Optimistic planet numbers
The optimistic model above identifies ~4500 planets around stars in the Candidate Target List, split into planet radius in Figure 1. For stars with V magnitude brighter than 12, the authors predict the detection of 1317 small planets. If 20% of these are amenable to radial velocity follow up, this would triple the number of small planets with measured masses and exceed the TESS main science objective of identifying 50 small planets with measurable masses.
Predicting planet numbers means astronomers can plan the amount of follow up observations necessary to confirm planets. Not all transit-like signals will be due to transiting planets, they may be caused by instrumental effects or astrophysical false positives, such as deep eclipsing binary signals blended to give shallower transits, especially with multiple stars on the same pixel. Today’s paper predicts for every true planet found there will be one astrophysical false positive in the 2 minute cadence data and 5.5 astrophysical false positives in the full frame images.
More conservative planet numbers
Identifying planets based on fewer than three transits and detecting all planets with SNR ≥ 7.3 is very difficult. The Kepler Space Telescope is capable of identifying planets from one or two transits in K2 data, but only with additional investment of limited space-based follow up or in cases where other planets had already been discovered around that star. Analysis of Kepler data found that below SNR= 8-10, there were many spurious detections, so typically only targets with SNR > 12 were followed up.
In their conservative model, removing planets with fewer than three transits or SNR < 10 reduced the number of planets detected by 60%, as seen in Figure 2. The number of small planets detected around stars brighter than V = 12 halved to 621. The number of habitable zone planets smaller than 2 Earth radii drops to just 6.
Adding to James Webb Space Telescope targets
Any small planets detected by TESS may identify new targets for atmospheric characterisation with the James Webb Space Telescope (JWST). Figure 3 shows simulated TESS planets greatly increase the number of known small nearby planets, some of which should be amenable to atmospheric characterisation. The authors estimate on the order of ten super-Earth planets could be found around bright M3 stars in the optimistic habitable zone, adding to JWST’s sample of temperate worlds.

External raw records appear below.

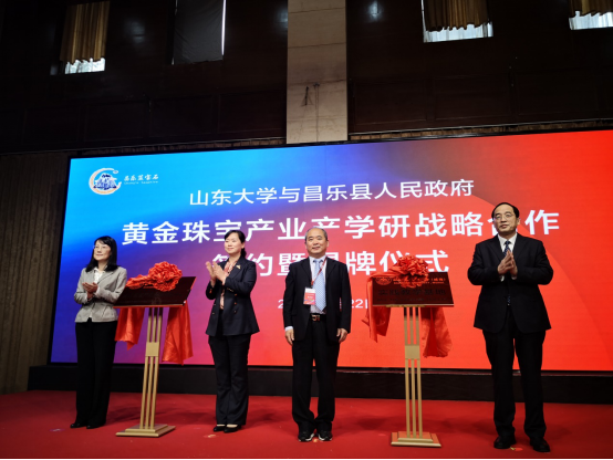 于培丽、贺玉洁、刘晓军、王在山等代表校地双方共同为“pp电子游戏平台官网黄金珠宝产业文创研发中心”“pp电子游戏平台官网(威海)实践教学基地”揭牌。
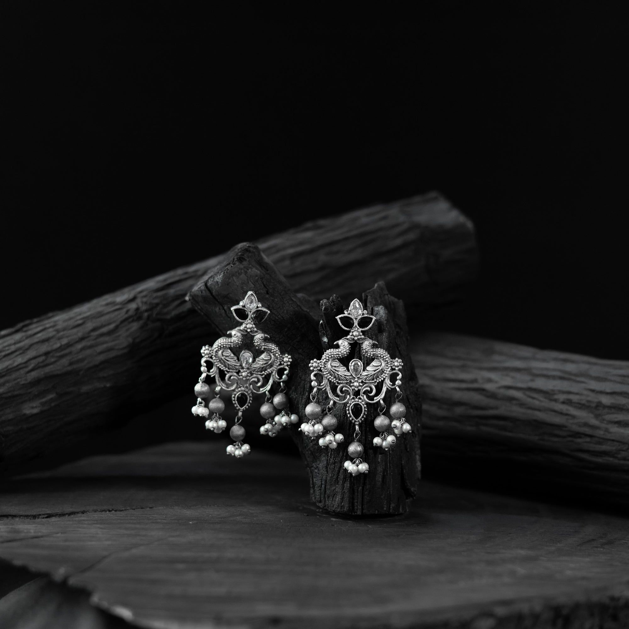 Oxidised handcrafted black earrings made with a blend of metal, stones, pearls, beads, and fine detailing. Perfect for festive occasions, weddings, casual outings, office wear, or vacations. Their elegant black and silver tones pair beautifully with everything from casual jeans and flowy dresses to chic office ensembles. A meaningful gift for mother, sister, wife, or girlfriend adding a beautiful touch of tradition to every moment.
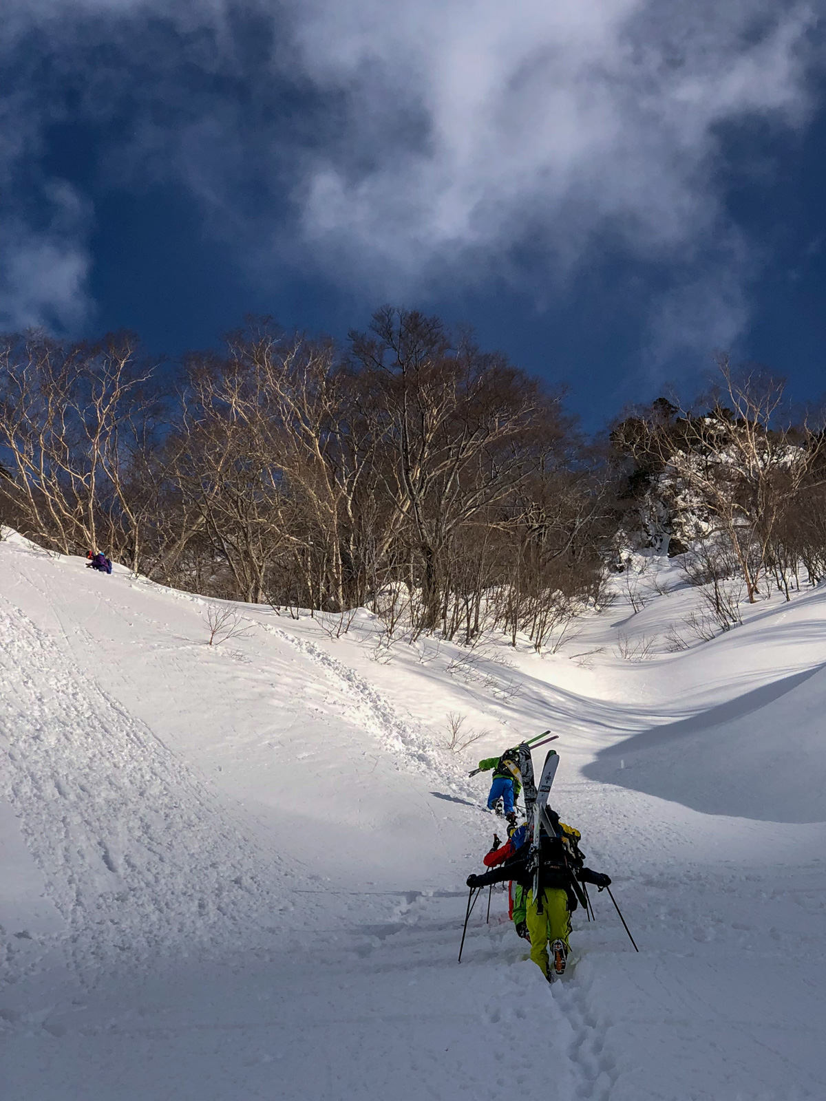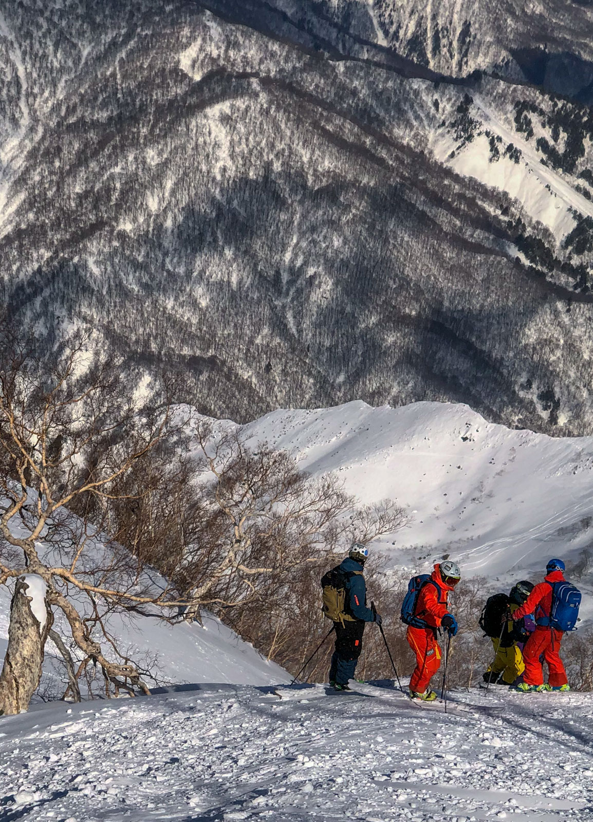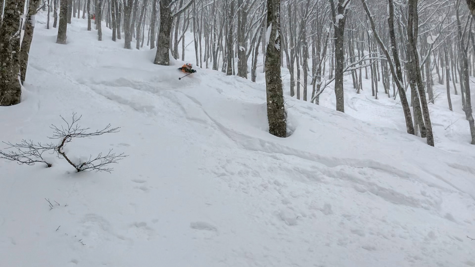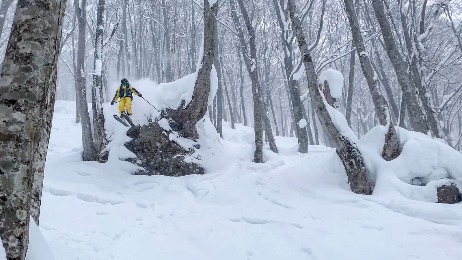 Du mercredi au vendredi, nous jouons ainsi dans les forêts de bouleaux. Quel bonheur de goûter à cette neige si légère et en si grande quantité. Le jeudi, un local nommé Schuichi, qui nous suit sur internet, se joint à nous pour nous faire découvrir un tour en peaux. Avec une météo qui se dégrade de plus en plus, une partie du groupe se retrouve alors dans la tempête. Une charmante expérience…
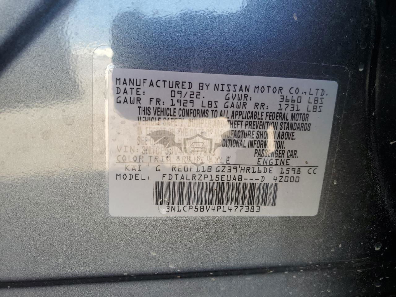 • VIN: 3N1CP5BV4PL477383
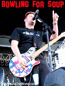 We introduced ourselves and got down to business. Sven readied the video camera and we got started with the interview. We had to keep the interview short because it was nearly time for them to go on stage. Jaret and I discussed the current tour and the popularity of the band's latest single "1985." We also talked about Bowling for Soup's plans for the future. The guys were all very friendly and fun to talk with. After the interview, Sven and I posed for a few photos with the band. We thanked them for their time, wished them a great show, and then found our way back out to meet up with Big Rob. He was waiting right where he said he would be. The band would be going on momentarily, so Sven and I had Rob hold our bags as we went up to take photos. We entered the photo area and one of the security guys told us we couldn't be there. I informed him that we were taking photos of Bowling for Soup and showed him my photo pass. He still said that we could not shoot. I was getting mad and told him, "We'll see about that " I went back to the band's bus and got the tour manager. I explained the problem and he came out to speak to the security guys. He told them that we were, in fact, allowed to take photos. Moments later, we walked right past the guy that held us up with smug looks on our faces. He didn't seem to like that too much, but there we were, standing in front of the stage with our cameras at the ready. Ha ha ha. We didn't have to wait long. About two minutes later, the local radio personality came out and introduced the band, and the crowd went nuts. |

Today’s paper will be useful for planning follow up strategies and for identifying potential numbers of planets found in TESS 2 minute cadence data and full frame images. This is the first paper to predict planets based on the stars most likely to be observed from the Candidate Target List rather than simulated star populations. Where the authors also considered the hotter, fainter, giant or more crowded stars TESS would observe (excluded from the Candidate Target List) planet number estimates increased to 16,000. However the higher labour intensity to follow up and much higher rates of false positives mean few of these are likely to be confirmed.
Today’s paper shows that TESS should greatly add to the numbers of known small nearby planets which we should be able to investigate further. Now we just need to find them!